Segment Start: DATA RECORDS

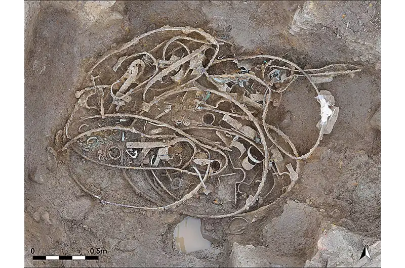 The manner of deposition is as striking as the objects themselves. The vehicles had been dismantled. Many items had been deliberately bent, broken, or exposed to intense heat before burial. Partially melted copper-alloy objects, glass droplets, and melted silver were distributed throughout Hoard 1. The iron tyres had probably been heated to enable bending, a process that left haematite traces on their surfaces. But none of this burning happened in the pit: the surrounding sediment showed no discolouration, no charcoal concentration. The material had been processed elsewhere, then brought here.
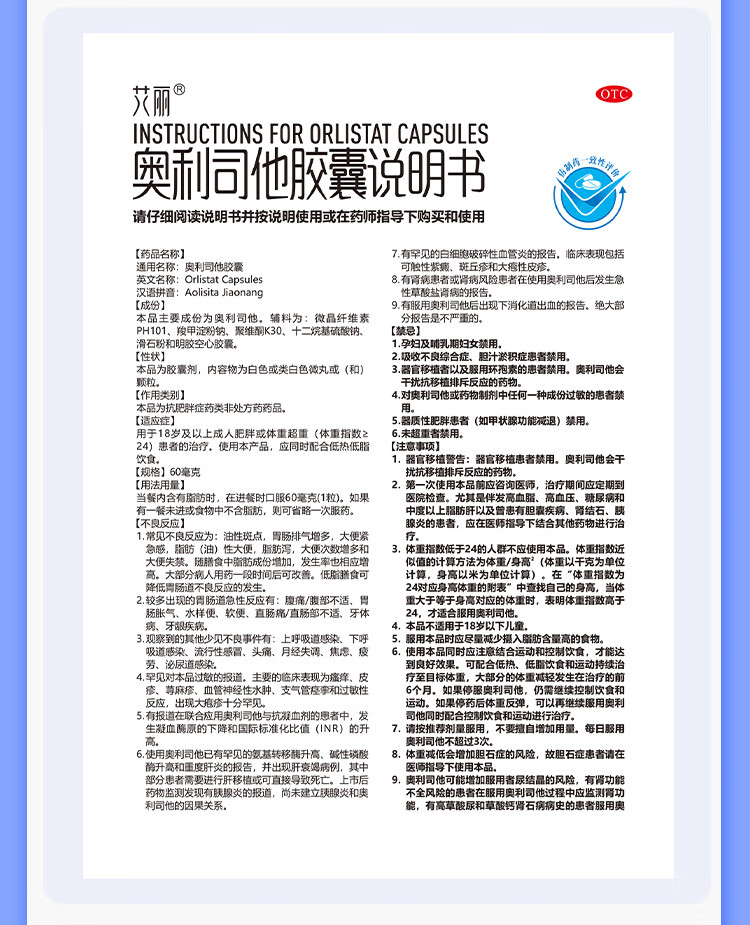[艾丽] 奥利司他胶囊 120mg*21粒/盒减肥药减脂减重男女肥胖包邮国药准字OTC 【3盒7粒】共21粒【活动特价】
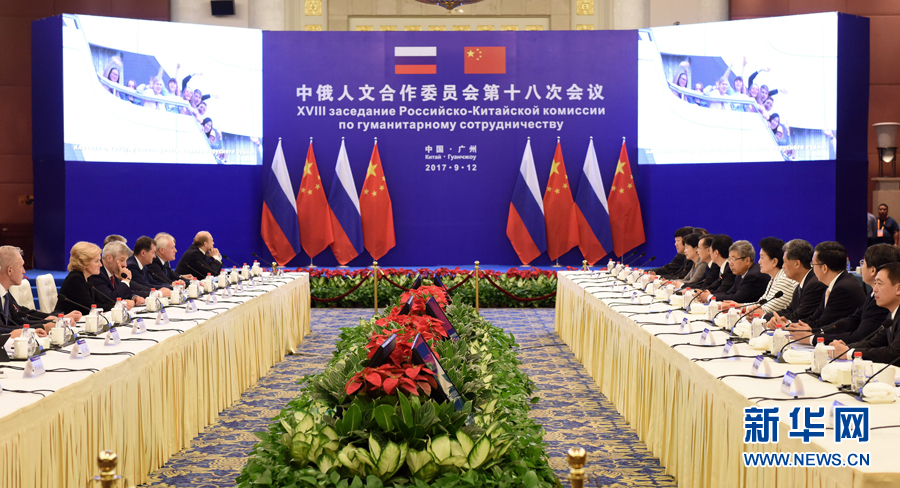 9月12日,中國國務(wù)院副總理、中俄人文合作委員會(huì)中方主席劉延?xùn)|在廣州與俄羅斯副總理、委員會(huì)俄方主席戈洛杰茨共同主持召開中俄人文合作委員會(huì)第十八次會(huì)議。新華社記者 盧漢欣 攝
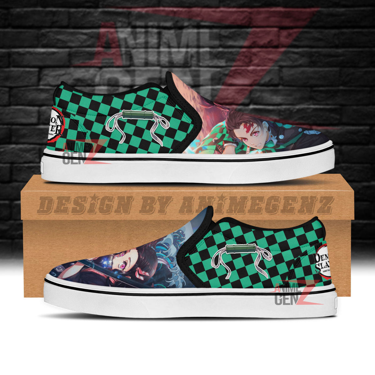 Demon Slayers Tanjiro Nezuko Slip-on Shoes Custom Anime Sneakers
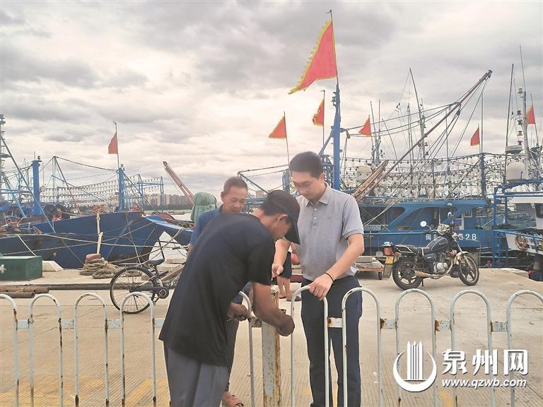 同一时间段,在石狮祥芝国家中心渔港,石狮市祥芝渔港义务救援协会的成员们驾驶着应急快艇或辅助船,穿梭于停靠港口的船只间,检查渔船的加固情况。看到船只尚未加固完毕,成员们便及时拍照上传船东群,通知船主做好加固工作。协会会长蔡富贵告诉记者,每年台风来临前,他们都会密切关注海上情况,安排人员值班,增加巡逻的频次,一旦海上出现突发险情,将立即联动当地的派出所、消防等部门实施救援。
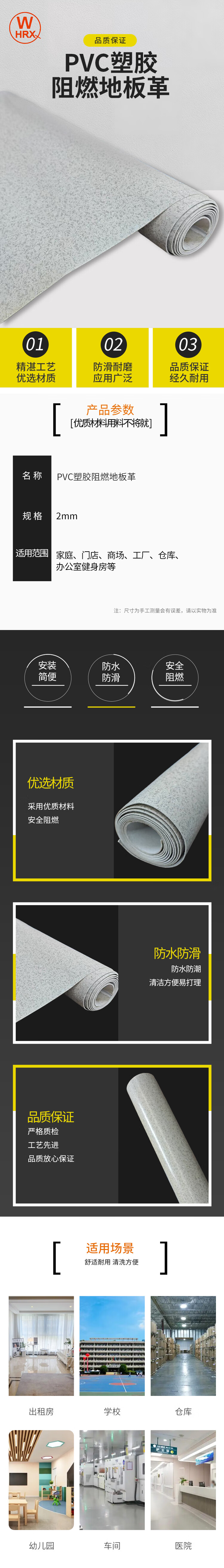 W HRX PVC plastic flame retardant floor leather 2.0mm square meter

Segment End: DATA RECORDS
Segment Start: DATA RECORDS

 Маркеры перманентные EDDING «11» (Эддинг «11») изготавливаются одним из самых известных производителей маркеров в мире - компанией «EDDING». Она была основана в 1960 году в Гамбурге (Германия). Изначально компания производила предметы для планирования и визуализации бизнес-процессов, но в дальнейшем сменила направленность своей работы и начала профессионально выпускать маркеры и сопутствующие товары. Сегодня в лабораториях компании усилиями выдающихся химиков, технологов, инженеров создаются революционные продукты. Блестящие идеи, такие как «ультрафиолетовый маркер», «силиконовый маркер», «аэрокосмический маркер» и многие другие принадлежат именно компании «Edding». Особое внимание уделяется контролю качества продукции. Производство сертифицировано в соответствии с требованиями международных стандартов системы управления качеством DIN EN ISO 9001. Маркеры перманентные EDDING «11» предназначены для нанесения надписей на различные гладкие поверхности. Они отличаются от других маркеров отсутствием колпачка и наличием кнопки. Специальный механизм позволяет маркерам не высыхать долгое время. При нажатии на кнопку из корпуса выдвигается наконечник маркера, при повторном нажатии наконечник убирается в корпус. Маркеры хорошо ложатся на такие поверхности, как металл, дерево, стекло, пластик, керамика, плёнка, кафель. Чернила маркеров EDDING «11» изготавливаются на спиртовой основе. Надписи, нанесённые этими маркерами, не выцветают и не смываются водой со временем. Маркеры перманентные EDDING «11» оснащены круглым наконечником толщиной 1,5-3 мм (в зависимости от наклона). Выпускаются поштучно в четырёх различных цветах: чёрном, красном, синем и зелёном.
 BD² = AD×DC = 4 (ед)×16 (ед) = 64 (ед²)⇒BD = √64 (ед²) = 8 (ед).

Segment End: DATA RECORDS

◆ EXERCISE
Only the lines starting at the one with "The manner of" and ending at the one with "W HRX PVC plastic" should be printed, each exactly as it appears in the material above; the pictures are to be omitted.

◆ ANSWER BELOW
 The manner of deposition is as striking as the objects themselves. The vehicles had been dismantled. Many items had been deliberately bent, broken, or exposed to intense heat before burial. Partially melted copper-alloy objects, glass droplets, and melted silver were distributed throughout Hoard 1. The iron tyres had probably been heated to enable bending, a process that left haematite traces on their surfaces. But none of this burning happened in the pit: the surrounding sediment showed no discolouration, no charcoal concentration. The material had been processed elsewhere, then brought here.
[艾丽] 奥利司他胶囊 120mg*21粒/盒减肥药减脂减重男女肥胖包邮国药准字OTC 【3盒7粒】共21粒【活动特价】
 9月12日,中國國務(wù)院副總理、中俄人文合作委員會(huì)中方主席劉延?xùn)|在廣州與俄羅斯副總理、委員會(huì)俄方主席戈洛杰茨共同主持召開中俄人文合作委員會(huì)第十八次會(huì)議。新華社記者 盧漢欣 攝
 Demon Slayers Tanjiro Nezuko Slip-on Shoes Custom Anime Sneakers
 同一时间段,在石狮祥芝国家中心渔港,石狮市祥芝渔港义务救援协会的成员们驾驶着应急快艇或辅助船,穿梭于停靠港口的船只间,检查渔船的加固情况。看到船只尚未加固完毕,成员们便及时拍照上传船东群,通知船主做好加固工作。协会会长蔡富贵告诉记者,每年台风来临前,他们都会密切关注海上情况,安排人员值班,增加巡逻的频次,一旦海上出现突发险情,将立即联动当地的派出所、消防等部门实施救援。
 W HRX PVC plastic flame retardant floor leather 2.0mm square meter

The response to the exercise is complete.